[Start of section]

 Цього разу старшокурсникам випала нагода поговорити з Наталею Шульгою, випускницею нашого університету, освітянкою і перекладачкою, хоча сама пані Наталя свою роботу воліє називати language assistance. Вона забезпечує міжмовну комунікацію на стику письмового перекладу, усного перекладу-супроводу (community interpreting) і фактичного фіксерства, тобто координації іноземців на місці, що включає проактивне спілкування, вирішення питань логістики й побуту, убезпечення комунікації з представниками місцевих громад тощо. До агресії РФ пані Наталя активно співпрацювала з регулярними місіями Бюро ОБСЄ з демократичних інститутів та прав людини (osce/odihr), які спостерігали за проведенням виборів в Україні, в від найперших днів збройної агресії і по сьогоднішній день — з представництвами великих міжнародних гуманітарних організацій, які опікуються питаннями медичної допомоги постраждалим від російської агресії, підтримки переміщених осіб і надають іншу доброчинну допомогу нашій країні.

[End of section]
[Start of section]

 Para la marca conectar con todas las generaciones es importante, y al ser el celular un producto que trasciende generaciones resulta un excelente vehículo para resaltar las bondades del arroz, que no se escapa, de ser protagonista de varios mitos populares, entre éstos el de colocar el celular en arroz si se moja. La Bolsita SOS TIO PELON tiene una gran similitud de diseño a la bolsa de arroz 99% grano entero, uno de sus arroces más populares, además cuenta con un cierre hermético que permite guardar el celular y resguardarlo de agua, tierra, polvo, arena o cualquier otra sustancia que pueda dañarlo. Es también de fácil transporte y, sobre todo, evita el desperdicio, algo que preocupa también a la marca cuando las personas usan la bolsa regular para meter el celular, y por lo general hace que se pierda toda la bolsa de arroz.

[End of section]
[Start of section]

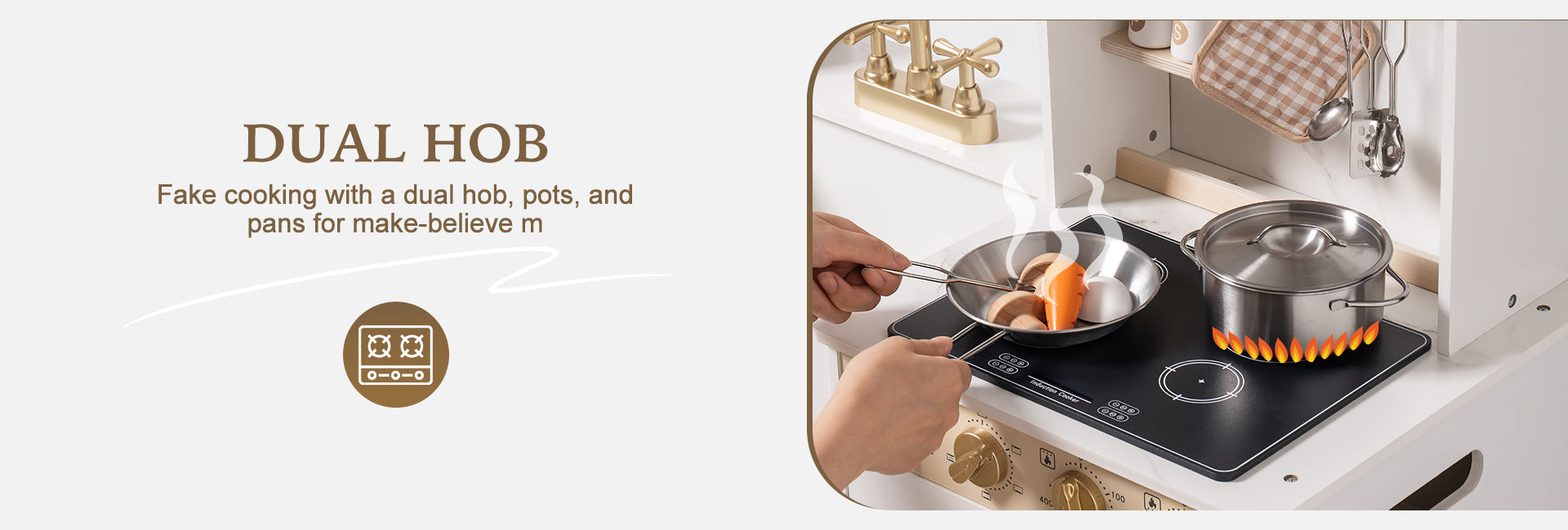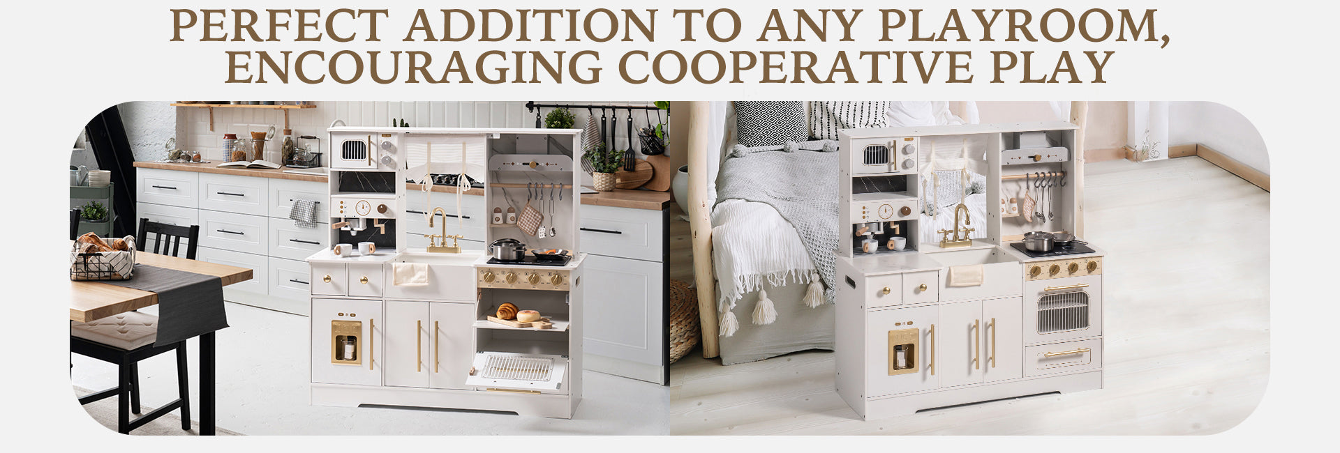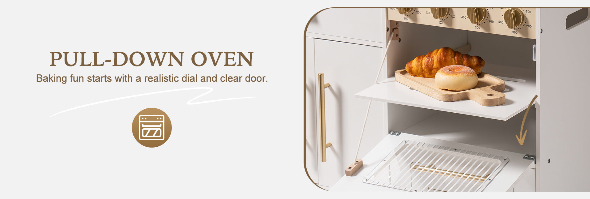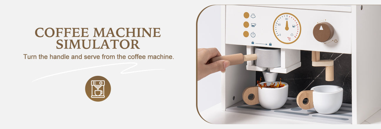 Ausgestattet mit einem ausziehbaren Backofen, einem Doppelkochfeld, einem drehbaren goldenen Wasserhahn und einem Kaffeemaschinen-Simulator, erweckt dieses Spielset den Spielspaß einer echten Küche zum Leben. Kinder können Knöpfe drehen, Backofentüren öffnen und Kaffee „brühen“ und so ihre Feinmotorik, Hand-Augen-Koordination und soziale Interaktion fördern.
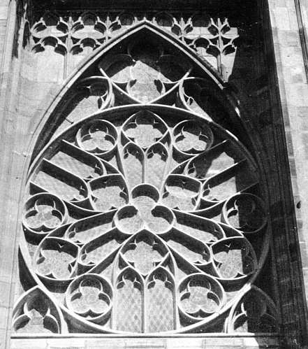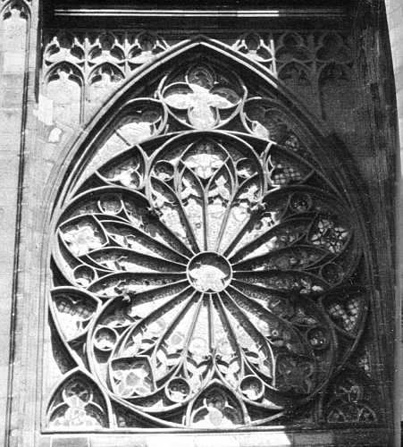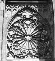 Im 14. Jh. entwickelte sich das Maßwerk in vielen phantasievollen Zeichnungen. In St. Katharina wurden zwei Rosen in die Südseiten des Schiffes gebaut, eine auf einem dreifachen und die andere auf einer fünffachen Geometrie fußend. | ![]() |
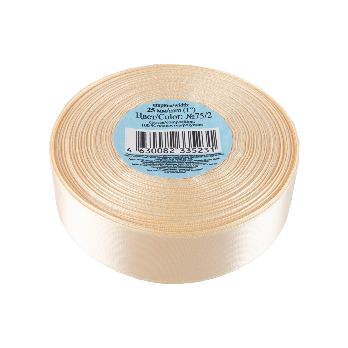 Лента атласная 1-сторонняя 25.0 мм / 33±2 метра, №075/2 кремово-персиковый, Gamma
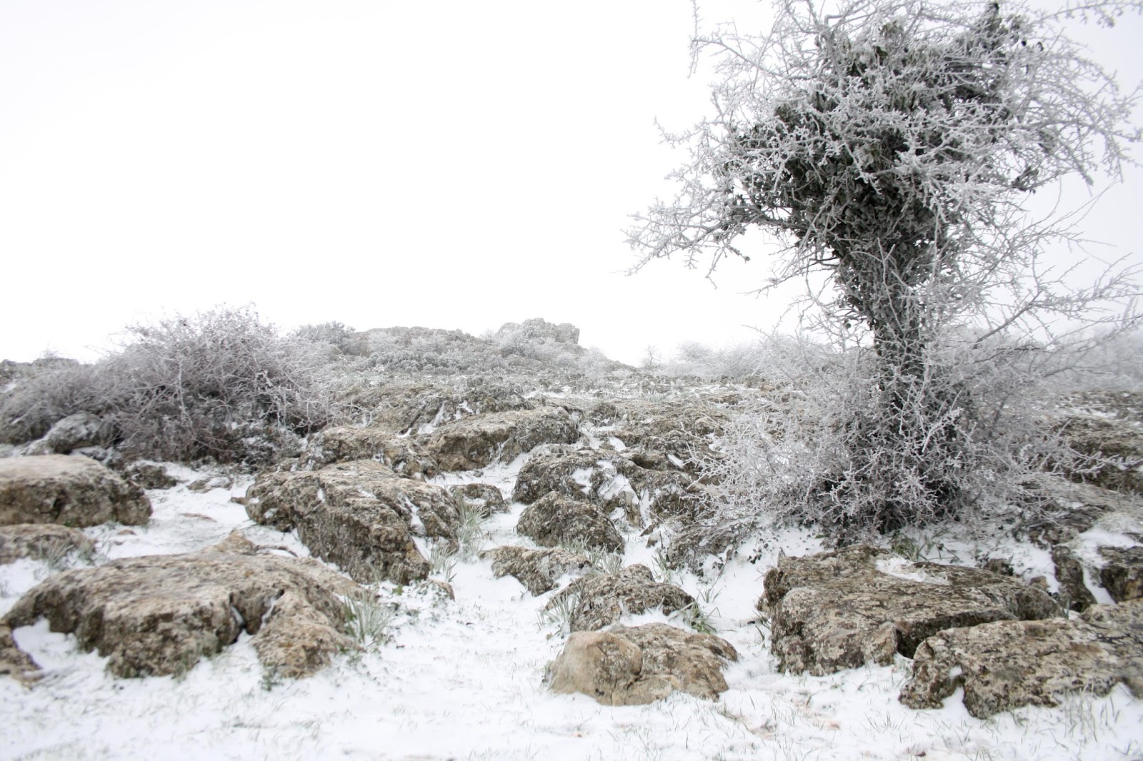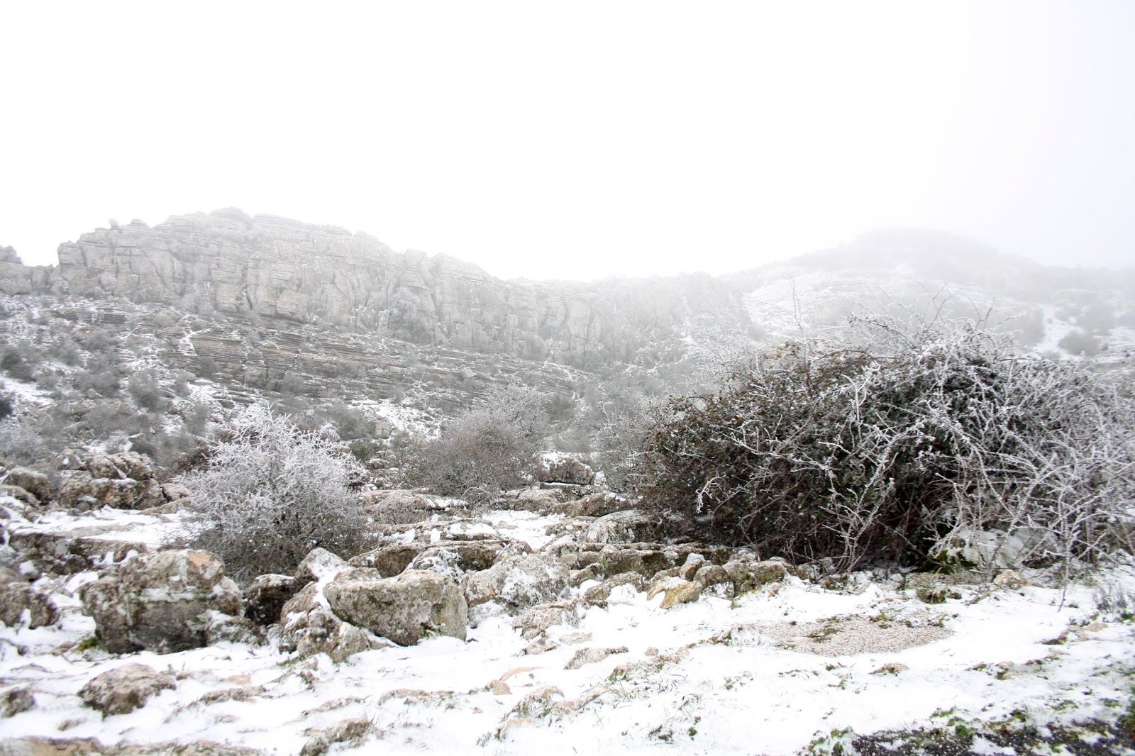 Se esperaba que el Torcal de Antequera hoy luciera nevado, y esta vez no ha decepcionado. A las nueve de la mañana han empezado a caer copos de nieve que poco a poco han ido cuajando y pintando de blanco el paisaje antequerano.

[End of section]

→ WHAT TO DO
Restate word for word every line from the one with "Лента атласная 1-сторонняя" up to and including the one with "Se esperaba que" in the records above, minus the pictures.

→ TASK ANSWER
 Лента атласная 1-сторонняя 25.0 мм / 33±2 метра, №075/2 кремово-персиковый, Gamma
 Se esperaba que el Torcal de Antequera hoy luciera nevado, y esta vez no ha decepcionado. A las nueve de la mañana han empezado a caer copos de nieve que poco a poco han ido cuajando y pintando de blanco el paisaje antequerano.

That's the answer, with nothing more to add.